Interface Compatibility Checking for Software Modules

We present a formal methodology and tool for uncovering errors in the interaction of software modules. Our methodology consists of a suite of languages for defining software interfaces, and algorithms for checking interface compatibility. We focus on interfaces that explain the method-call dependencies between software modules. Such an interface makes assumptions about the environment in the form of call and availability constraints. A call constraint restricts the accessibility of local methods to certain external methods. An availability constraint restricts the accessibility of local methods to certain states of the module. For example, the interface for a file server with local methods open and read may assert that a file cannot be read without having been opened. Checking interface compatibility requires the solution of games, and in the presence of availability constraints, of pushdown games.

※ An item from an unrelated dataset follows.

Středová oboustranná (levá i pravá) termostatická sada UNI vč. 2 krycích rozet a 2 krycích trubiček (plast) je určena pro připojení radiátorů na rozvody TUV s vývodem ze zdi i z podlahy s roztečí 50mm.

Based on this methodology, we have implemented a tool that has uncovered incompatibilities in TinyOS, a small operating system for sensor nodes in adhoc networks.

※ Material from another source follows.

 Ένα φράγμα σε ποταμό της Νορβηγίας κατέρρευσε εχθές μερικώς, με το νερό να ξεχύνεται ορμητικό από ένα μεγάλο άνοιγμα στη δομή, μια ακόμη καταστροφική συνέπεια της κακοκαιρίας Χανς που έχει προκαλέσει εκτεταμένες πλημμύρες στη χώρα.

The Control of Synchronous Systems, Part II

A controller is an environment for a system that achieves a particular control objective by providing inputs to the system without constraining the choices of the system. For synchronous systems, where system and controller make simultaneous and interdependent choices, the notion that a controller must not constrain the choices of the system can be formalized by type systems for composability. In a previous paper, we solved the control problem for static and dynamic types: a static type is a dependency relation between inputs and outputs, and composition is well-typed if it does not introduce cyclic dependencies; a dynamic type is a set of static types, one for each state. Static and dynamic types, however, cannot capture many important digital circuits, such as gated clocks, bidirectional buses, and random-access memory. We therefore introduce more general type systems, so-called dependent and bidirectional types, for modeling these situations, and we solve the corresponding control problems. In a system with a dependent type, the dependencies between inputs and outputs are determined gradually through a game of the system against the controller. In a system with a bidirectional type, also the distinction between inputs and outputs is resolved dynamically by such a game. The game proceeds in several rounds. In each round the system and the controller choose to update some variables dependent on variables that have already been updated. The solution of the control problem for dependent and bidirectional types is based on algorithms for solving these games.

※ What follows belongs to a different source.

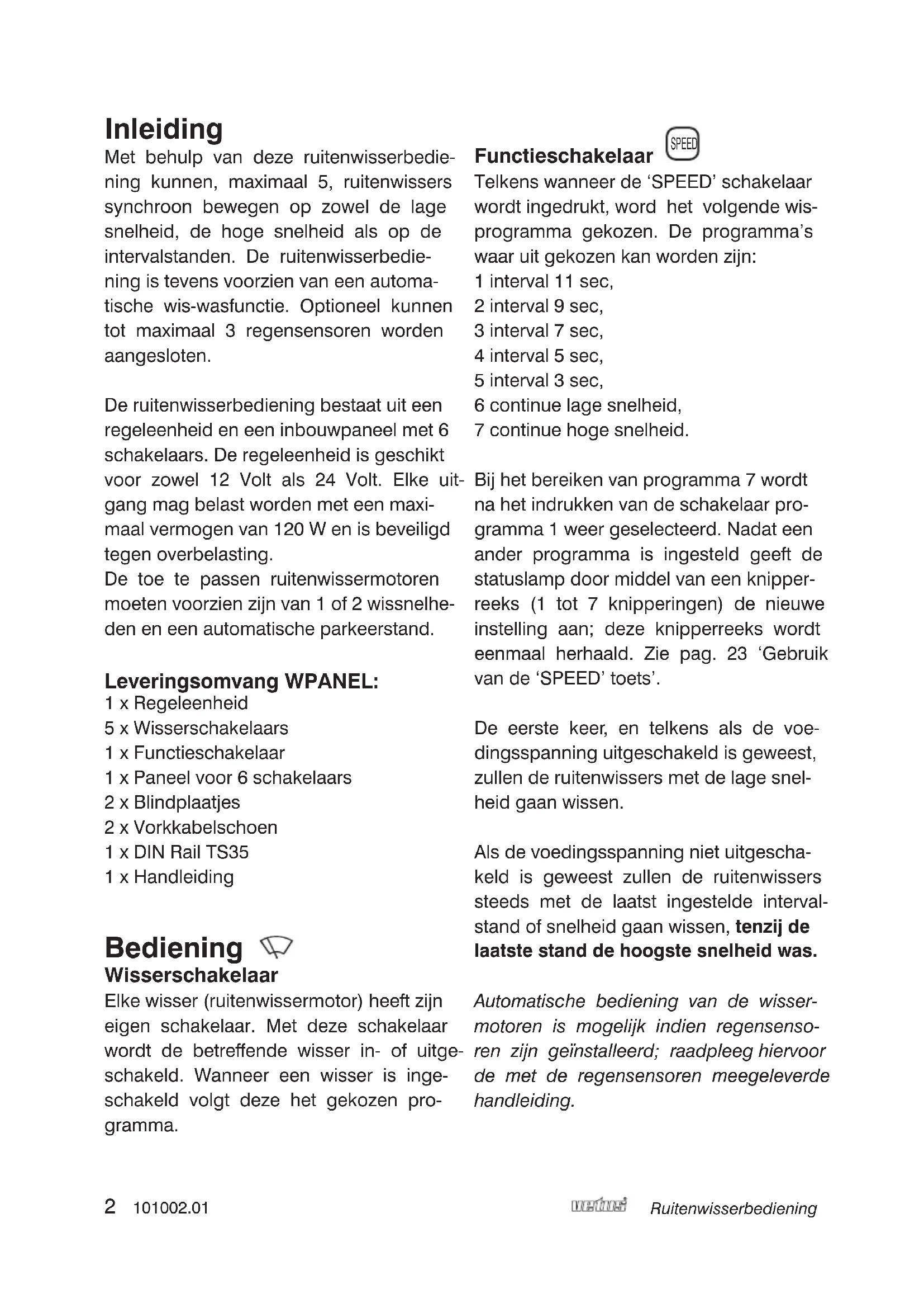 STATUSTSKRWTSKRWTSKRWTSKRWTS NEDERLANDS4 101002.01 Ruitenwisserbediening In de plus draad van de regeleenheid dient een hoofdzekering en een schake- laar te worden opgenomen. Pas eventu- eel een kleinere zekering toe, afgestemd op de totale maximale stroom van de 5 ruitenwissermotoren. Pas aansluitdraden toe met een voldoen- de grote doorsnede. Zie het aansluitsche- ma voor de aanbevolen minimale draad- doorsnede. Sluit de voedingsspanning aan op de meegeleverde kabelschoenen (ø 5 mm). Wissermotoren Pas uitsluitend wissermotoren toe van hetzelfde type; de wissermo- toren moeten voorzien zijn van een automatische parkeerstand. Om van zowel lage als hoge snelheid gebruik te kunnen maken moeten de toegepaste ruitenwissermotoren 2 snel- heden hebben. Bijvoorbeeld Vetus type RWS en HDMC. Het Vetus type ORW is niet geschikt. Sluit de ruitenwissermotoren aan op de regeleenheid zoals in het schema is aan- geven. Pas aansluitdraden toe met een voldoende grote doorsnede. Zie het aan- sluitschema voor de aanbevolen draad- doorsnede op pagina 24.). Schakelaars Sluit de schakelaars aan op de regeleen- heid zoals in het schema is aangeven. Pas aansluitdraden toe met een door- snede zoals is aangeven. Ruitensproeier Voor een ruitensproeier kan op de aan- sluiting ‘WASHER’ een waterpomp of een magneetklep worden aangesloten. De spanning waarvoor de water- pomp of magneetklep geschikt is moet overeenkomen met de boord- spanning (12 Volt of 24 Volt). Regensensoren Raadpleeg de met de regensensoren meegeleverde handleiding hoe deze te installeren. Beveiligingen Elke wissermotor afzonderlijk is beveiligd met een zekering. Ook de sproeierpomp is beveiligd met een zekering. Deze zekeringen bevinden zich onder het deksel van de regeleenheid (zie afbeel- ding hoe het deksel te verwijderen) Zie ‘Technische gegevens’ voor de waar- den van de zekeringen.101002.01 5 Windscreen wiper controller Technische gegevens Voedingsspanning 12 Volt of 24 Volt gelijkspanning Opgenomen stroom *) : ca 10 mA Aantal wissers: maximaal 5 Maximaal vermogen ruitenwissermotor: 120 Watt Interne zekeringen Ruitenwissermotoren : 10 A (5 x ) Ruitensproeierpomp of –klep : 5 A (1 x ) Schakelaars Wisserschakelaar: Functie: ON – OFF (1 x maakcontact) Functieschakelaar: Functie: MOM – OFF – MOM (2 x maakcontact, terugverend naar de middenstand) + lamp *) N.B. Alleen de regeleenheid, exclusief het stroomverbruik van de ruitenwisser- motoren. Introduction Using this windscreen wiper controller, a maximum of 5 wipers can be synchroni- sed at low and high speed as well as in interval settings. The windshield wiper controller is also equipped with an auto- matic wipe/wash function. A maximum of 3 rain sensors can also be optionally connected. The windshield wiper controller consists of a controller unit and a 6-switch panel to be built in. The controller unit is suitable for both 12 and 24 volts. Each output can have a maximum load of 120 W and is protected against overloading. The windshield wiper motors to be used must have 1 or 2 wipe speeds and an automatic park setting. WPANEL is delivered with: 1 x Controller unit 5 x Wiper switches 1 x Function switch 1 x Panel for 6 switches 2 x Blind panels 2 x Cable spade 1 x DIN Rail TS35 1 x Manual Operation Wiper switch Each wiper (windshield wiper motor) has its own switch. The switch is used to turn the relevant wiper on or off. When a wiper is switched on, it follows the selected programme. NEDERLANDS ENGLISH6 101002.01 Windscreen wiper controller SPEED function switch Whenever the SPEED switch is pressed, the next wipe programme is selected. The available programmes are: 1 interval 11 sec, 2 interval 9 sec, 3 interval 7 sec, 4 interval 5 sec, 5 interval 3 sec, 6 continuous low speed, 7 continuous high speed. Once programme 7 is reached, pressing the switch selects programme 1 again. After a different programme is selected, the status lamp indicates the new setting by means of a series of flashes (1 to 7); this series is repeated once. See p. 23 ‘Using the SPEED button’. On first use and each time after the cur- rent is switched off, the windshield wipers will wipe at low speed. If the current has not been switched off, the wipers will wipe at the last interval set- ting or speed selected, unless the last setting was the highest speed. The wiper motors can be operated auto- matically if rain sensors have been instal- led; consult the manual supplied with the rain sensors. Windscreen spray switch Pressing the switch once will run the wipe/wash programme completely auto- matically: - 3 seconds of spraying - at least 3 wipes with simultaneousspray- ing, - 3 final wipes. Pressing the switch and keeping it pressed will maintain wiping with simul- taneous spraying. All wipers will wipe, regardless of the position of the wiper switch. Status light The status light of the function switch indica- tes the wiper controller status: On: wiper controller is active, Off: wiper controller is not active, Fast flashing: current is too low or there is an internal fault, Two series of flashes: selected program- me indicated. This is shown if a different programme is set and after the wiper controller is swit- ched on. Status LED The status LED on the con- troller unit (between the + and – battery terminals) shows the status of the wiper controller: - Green: the wiper controller is active, - Flashing green: the current is too low, - Red: internal fault, - Off: the wiper controller is not active. SPEED SPEED DNG DNG DNGDNG

Synthesis of Uninitialized Systems

The sequential synthesis problem, which is closely related to Churchs solvability problem, asks, given a specification in the form of a binary relation between input and output streams, for the construction of a finite-state stream transducer that converts inputs to appropriate outputs. For efficiency reasons, practical sequential hardware is often designed to operate without prior initialization. Such hardware designs can be modeled by uninitialized state machines, which are required to satisfy their specification if started from any state. In this paper we solve the sequential synthesis problem for uninitialized systems, that is, we construct uninitialized finite-state stream transducers. We consider specifications given by LTL formulas, deterministic, nondeterministic, universal, and alternating Buchi automata. We solve this uninitialized synthesis problem by reducing it to the well-understood initialized synthesis problem. While our solution is straightforward, it leads, for some specification formalisms, to upper bounds that are exponentially worse than the complexity of the corresponding initialized problems. However, we prove lower bounds to show that our simple solutions are optimal for all considered specification formalisms. We also study the problem of deciding whether a given specification is uninitialized, that is, if its uninitialized and initialized synthesis problems coincide. We show that this problem has, for each specification formalism, the same complexity as the equivalence problem.